PROBLEM REQUIREMENTS: Start with the line that holds "近日,陜西省榆林市榆陽(yá". Please copy it and each remaining line below exactly, leaving pictures out.

DATA BELOW:
════════════════════

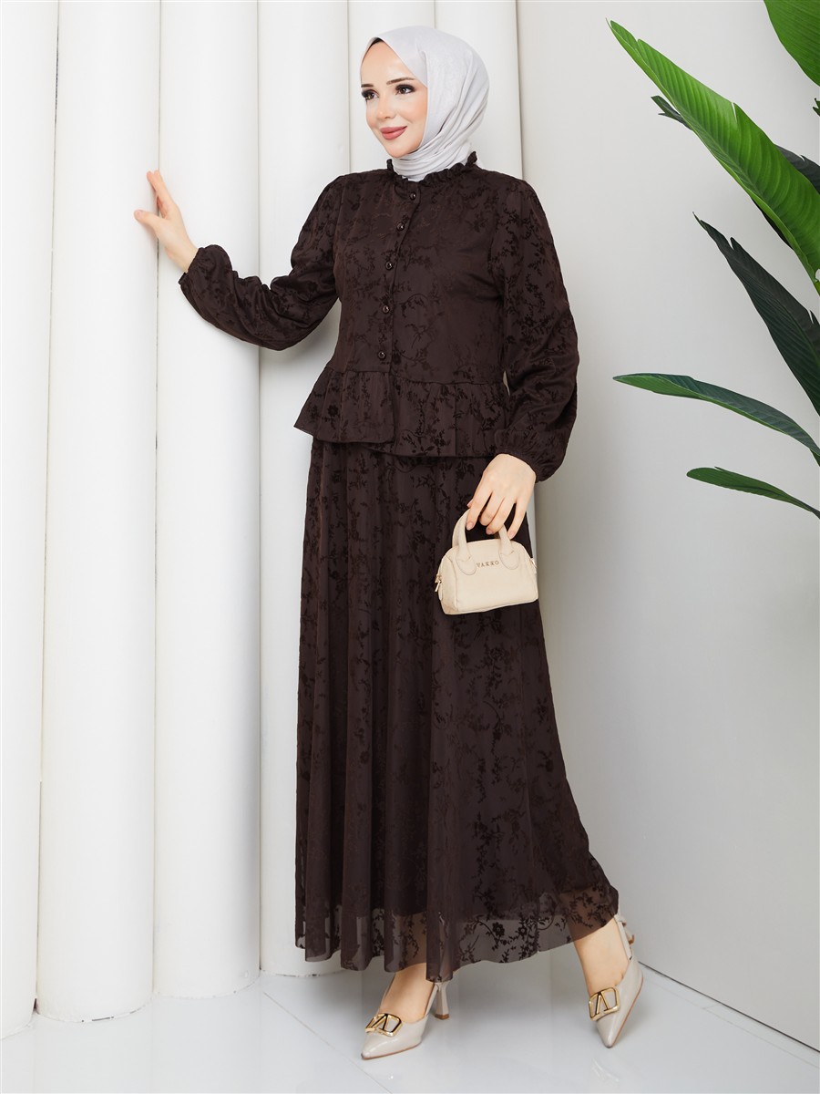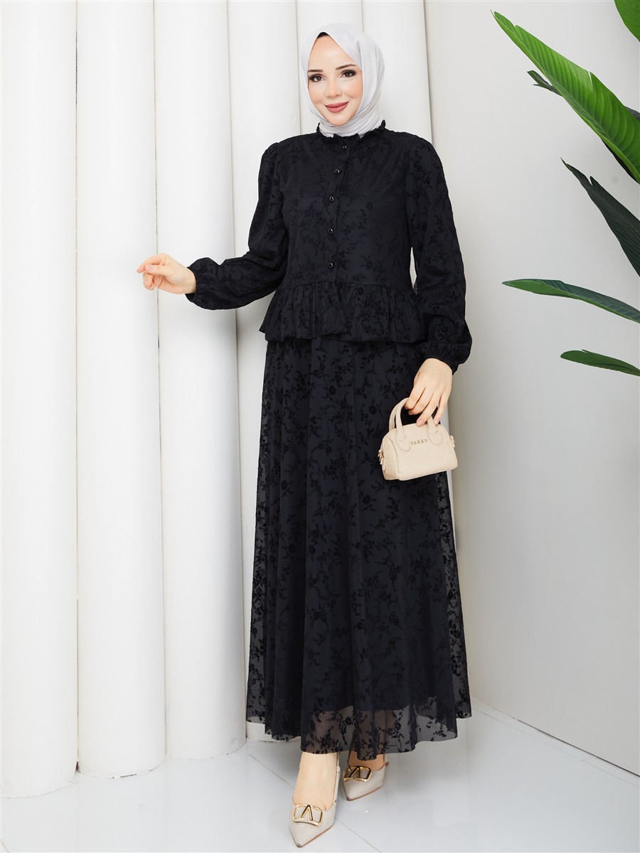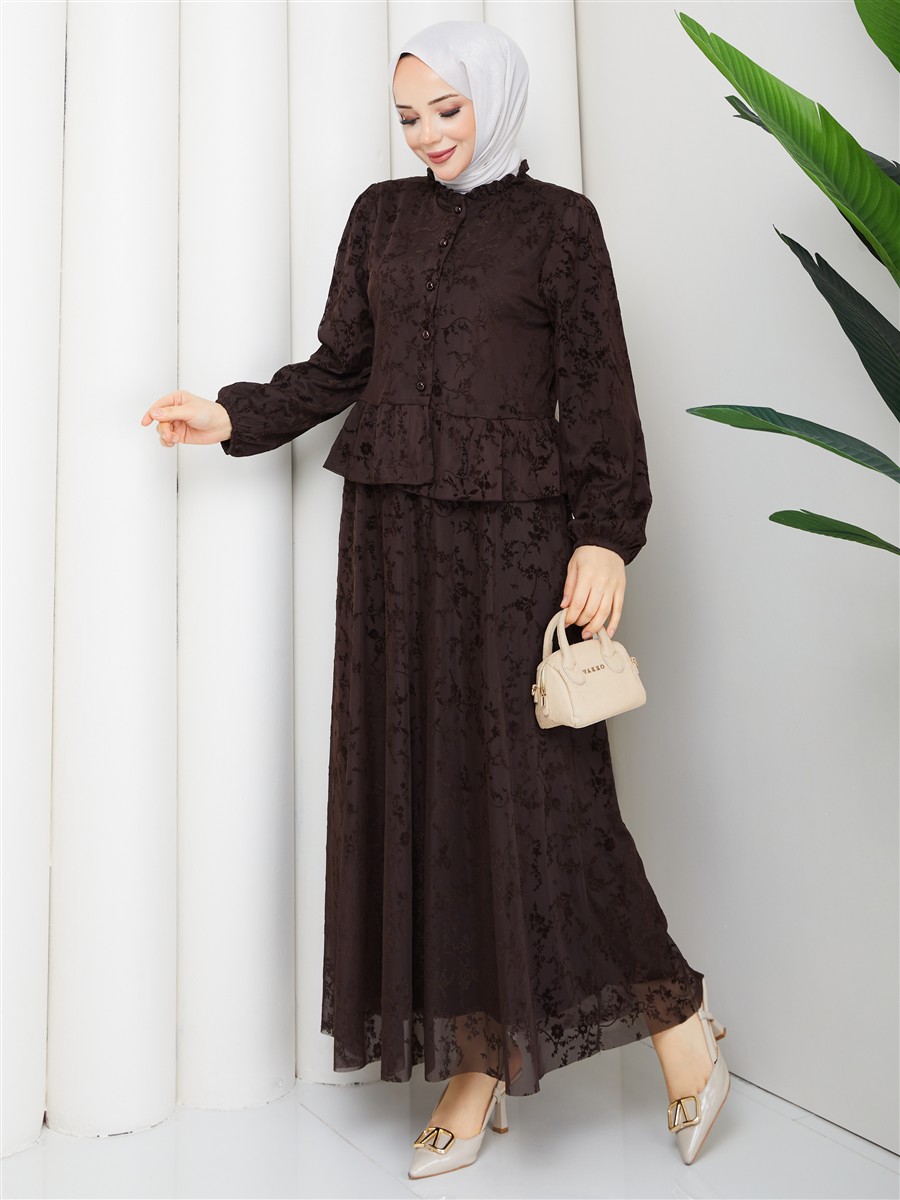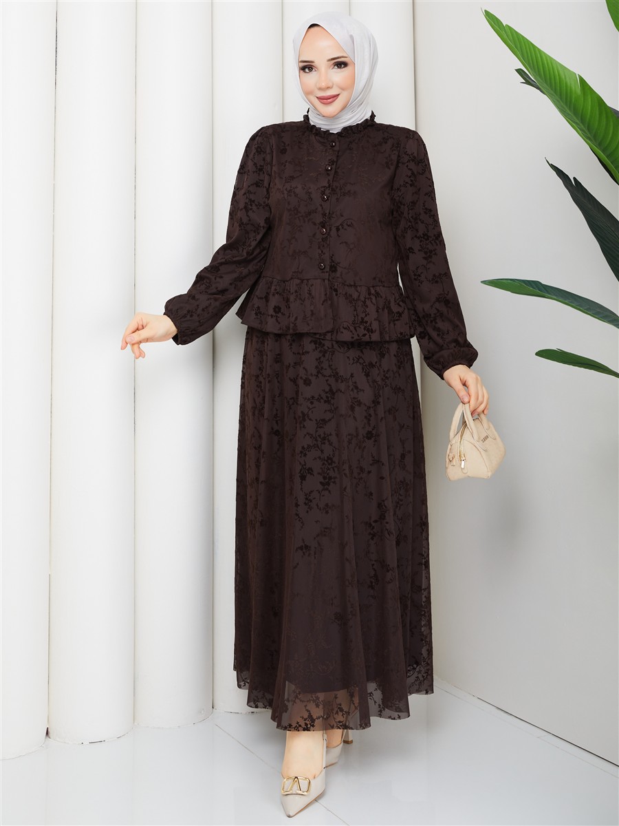 Dantel Kumaş Fırfır Detaylı Gömlek & Etek Tesettür Takım RC9035
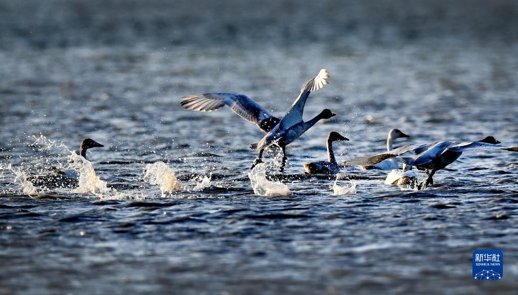 近日,陜西省榆林市榆陽(yáng)區河口水庫濕地迎來(lái)大批白天鵝、赤麻鴨等鳥(niǎo)類(lèi)。近年來(lái),位于毛烏素沙地南緣的榆陽(yáng)區采取退牧還濕、禁牧減畜等有效措施,加強生態(tài)環(huán)境保護。河口水庫濕地擁有大量淺灘、蘆葦,地勢平緩,水域寬廣,野生魚(yú)蝦資源豐富,已經(jīng)成為越冬候鳥(niǎo)途中覓食、停歇的理想之地。
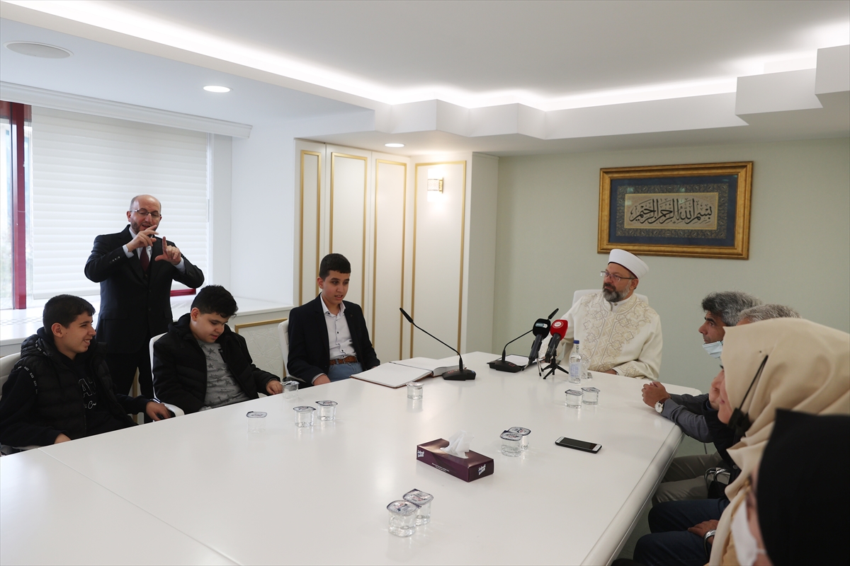 Başkanlıktan yapılan açıklamaya göre Erbaş, "3 Aralık Dünya Engelliler Günü" dolayısıyla Kani Karaca Görme Engelli İmam Hatip Ortaokulu öğrencileri ile Melike Hatun Camisi İşitme Engelliler Kur'an Kursu öğrenci ve velilerini makamında kabul etti.
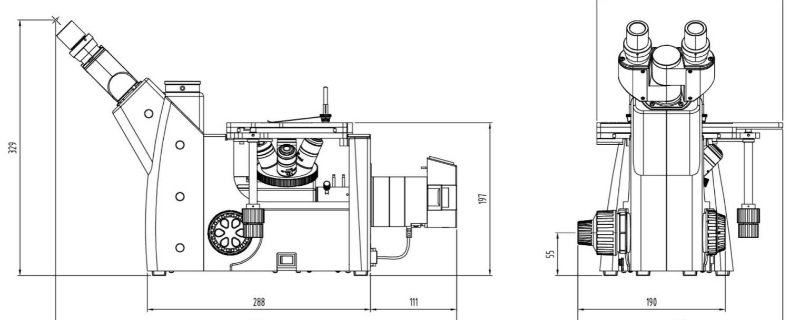FCM2000W電腦型金相顯微鏡尺(chǐ)寸圖

════════════════════

SOLUTION FOR THIS PROBLEM:
 近日,陜西省榆林市榆陽(yáng)區河口水庫濕地迎來(lái)大批白天鵝、赤麻鴨等鳥(niǎo)類(lèi)。近年來(lái),位于毛烏素沙地南緣的榆陽(yáng)區采取退牧還濕、禁牧減畜等有效措施,加強生態(tài)環(huán)境保護。河口水庫濕地擁有大量淺灘、蘆葦,地勢平緩,水域寬廣,野生魚(yú)蝦資源豐富,已經(jīng)成為越冬候鳥(niǎo)途中覓食、停歇的理想之地。
 Başkanlıktan yapılan açıklamaya göre Erbaş, "3 Aralık Dünya Engelliler Günü" dolayısıyla Kani Karaca Görme Engelli İmam Hatip Ortaokulu öğrencileri ile Melike Hatun Camisi İşitme Engelliler Kur'an Kursu öğrenci ve velilerini makamında kabul etti.
FCM2000W電腦型金相顯微鏡尺(chǐ)寸圖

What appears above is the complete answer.